>>

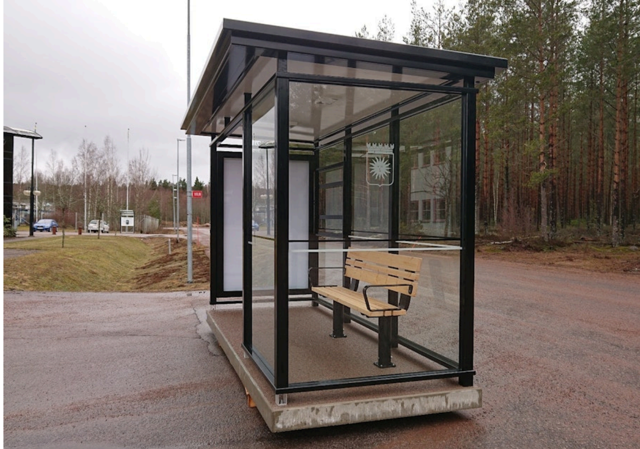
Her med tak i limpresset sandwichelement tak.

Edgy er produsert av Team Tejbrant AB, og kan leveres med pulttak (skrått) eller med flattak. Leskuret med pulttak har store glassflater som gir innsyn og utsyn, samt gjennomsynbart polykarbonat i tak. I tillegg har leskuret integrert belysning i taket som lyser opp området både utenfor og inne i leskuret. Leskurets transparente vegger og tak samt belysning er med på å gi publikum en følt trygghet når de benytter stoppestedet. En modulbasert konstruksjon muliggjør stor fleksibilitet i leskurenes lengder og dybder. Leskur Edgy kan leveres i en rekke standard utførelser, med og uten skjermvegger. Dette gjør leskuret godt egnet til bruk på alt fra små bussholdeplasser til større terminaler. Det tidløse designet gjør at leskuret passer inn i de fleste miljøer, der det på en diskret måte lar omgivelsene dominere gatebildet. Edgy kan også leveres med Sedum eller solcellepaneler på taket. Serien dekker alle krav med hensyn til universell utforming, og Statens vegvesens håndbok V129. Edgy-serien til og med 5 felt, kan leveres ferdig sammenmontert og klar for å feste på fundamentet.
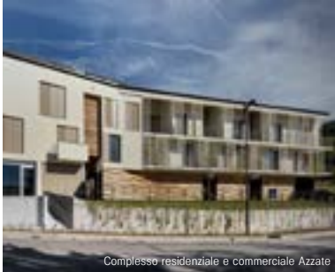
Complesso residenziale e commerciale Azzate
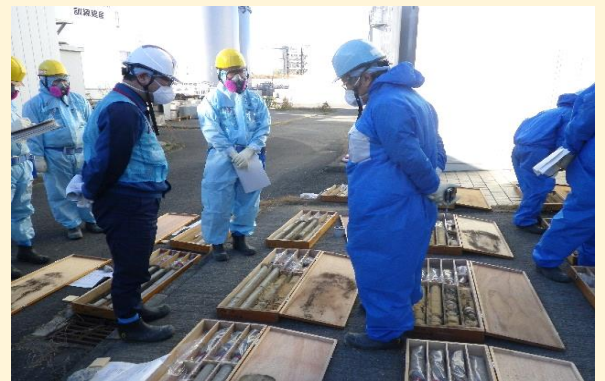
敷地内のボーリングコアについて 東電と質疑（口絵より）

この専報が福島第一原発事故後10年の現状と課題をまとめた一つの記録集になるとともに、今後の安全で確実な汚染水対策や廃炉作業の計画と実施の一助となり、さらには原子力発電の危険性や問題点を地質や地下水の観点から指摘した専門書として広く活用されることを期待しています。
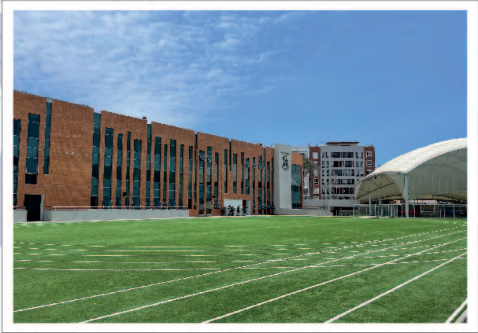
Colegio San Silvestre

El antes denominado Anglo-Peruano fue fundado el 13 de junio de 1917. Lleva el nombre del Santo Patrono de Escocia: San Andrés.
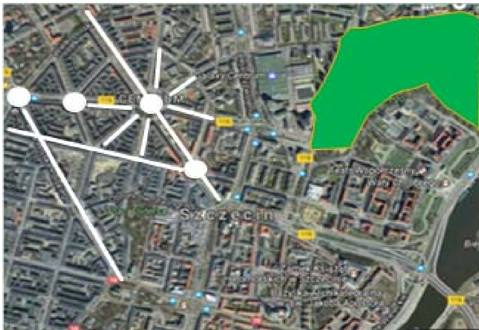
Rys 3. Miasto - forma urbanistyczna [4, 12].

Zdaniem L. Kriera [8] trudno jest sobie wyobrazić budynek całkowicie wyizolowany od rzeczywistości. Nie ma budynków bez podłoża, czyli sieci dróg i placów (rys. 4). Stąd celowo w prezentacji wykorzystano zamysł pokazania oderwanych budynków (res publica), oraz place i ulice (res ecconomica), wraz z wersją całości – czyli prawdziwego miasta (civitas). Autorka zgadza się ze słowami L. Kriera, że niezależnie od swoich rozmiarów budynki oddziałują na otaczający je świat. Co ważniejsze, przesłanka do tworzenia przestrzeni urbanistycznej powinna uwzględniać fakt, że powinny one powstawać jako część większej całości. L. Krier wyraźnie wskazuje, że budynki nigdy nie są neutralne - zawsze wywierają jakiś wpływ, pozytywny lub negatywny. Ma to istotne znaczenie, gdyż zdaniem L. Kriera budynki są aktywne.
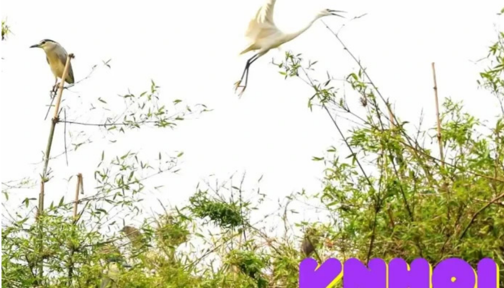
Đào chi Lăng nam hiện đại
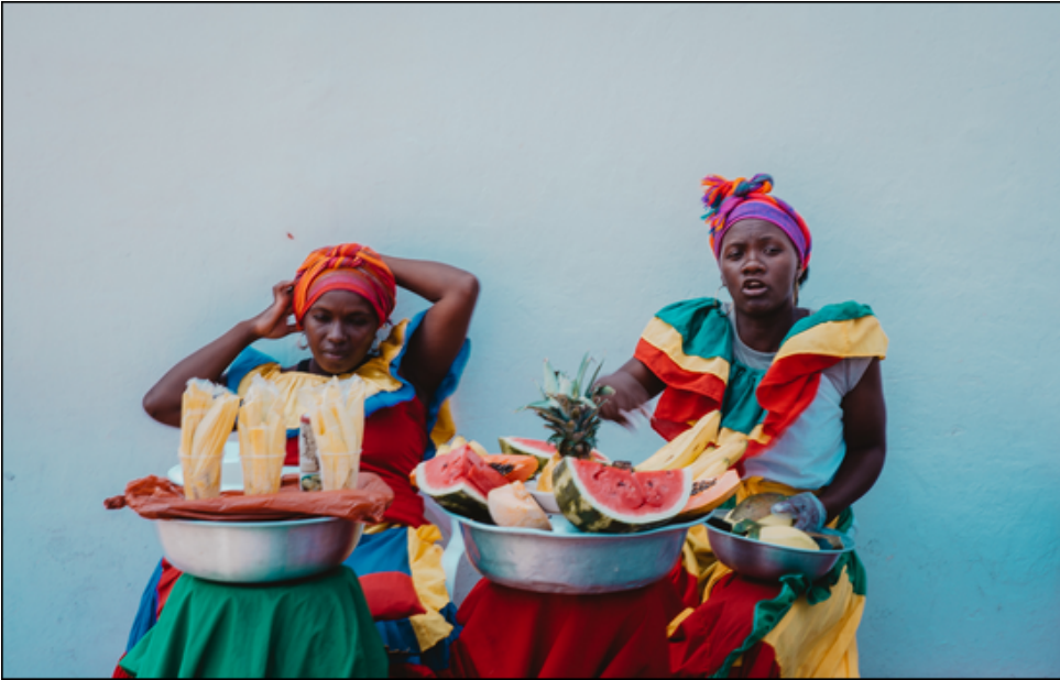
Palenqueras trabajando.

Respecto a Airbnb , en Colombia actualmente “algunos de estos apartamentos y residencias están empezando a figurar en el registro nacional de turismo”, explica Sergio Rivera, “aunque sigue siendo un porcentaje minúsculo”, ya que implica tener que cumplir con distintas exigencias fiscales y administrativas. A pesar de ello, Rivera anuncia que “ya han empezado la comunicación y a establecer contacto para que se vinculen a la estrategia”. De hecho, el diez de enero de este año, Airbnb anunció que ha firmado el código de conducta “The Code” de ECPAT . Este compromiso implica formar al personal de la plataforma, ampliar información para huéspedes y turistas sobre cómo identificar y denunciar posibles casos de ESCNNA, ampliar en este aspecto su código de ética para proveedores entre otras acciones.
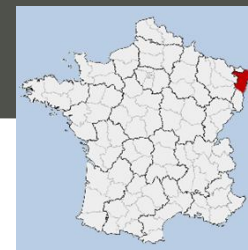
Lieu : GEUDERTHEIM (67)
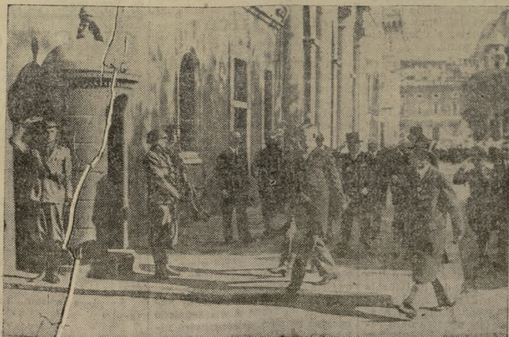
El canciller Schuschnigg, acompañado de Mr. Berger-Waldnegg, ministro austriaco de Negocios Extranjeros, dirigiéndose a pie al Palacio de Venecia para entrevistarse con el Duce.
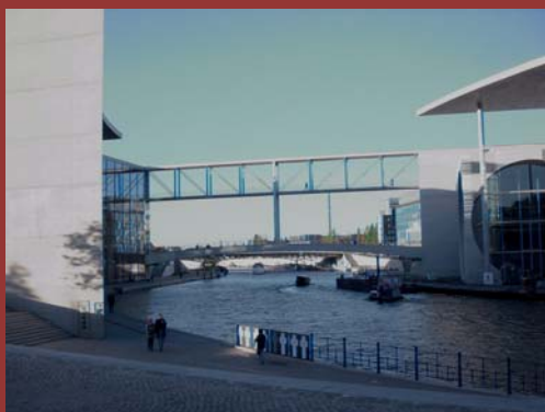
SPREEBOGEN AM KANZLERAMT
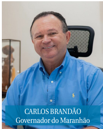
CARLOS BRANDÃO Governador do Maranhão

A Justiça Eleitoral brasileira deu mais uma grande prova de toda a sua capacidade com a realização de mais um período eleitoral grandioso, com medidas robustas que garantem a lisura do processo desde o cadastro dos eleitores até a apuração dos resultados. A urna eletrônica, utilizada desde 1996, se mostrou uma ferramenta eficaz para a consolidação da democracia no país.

<<

▸ What to produce: Write out again, exactly, each line from the one containing "Lieu : GEUDERTHEIM (67)" through the last line of the entries, and omit every picture.

▸ Output for this task:
Lieu : GEUDERTHEIM (67)
El canciller Schuschnigg, acompañado de Mr. Berger-Waldnegg, ministro austriaco de Negocios Extranjeros, dirigiéndose a pie al Palacio de Venecia para entrevistarse con el Duce.
SPREEBOGEN AM KANZLERAMT
CARLOS BRANDÃO Governador do Maranhão

A Justiça Eleitoral brasileira deu mais uma grande prova de toda a sua capacidade com a realização de mais um período eleitoral grandioso, com medidas robustas que garantem a lisura do processo desde o cadastro dos eleitores até a apuração dos resultados. A urna eletrônica, utilizada desde 1996, se mostrou uma ferramenta eficaz para a consolidação da democracia no país.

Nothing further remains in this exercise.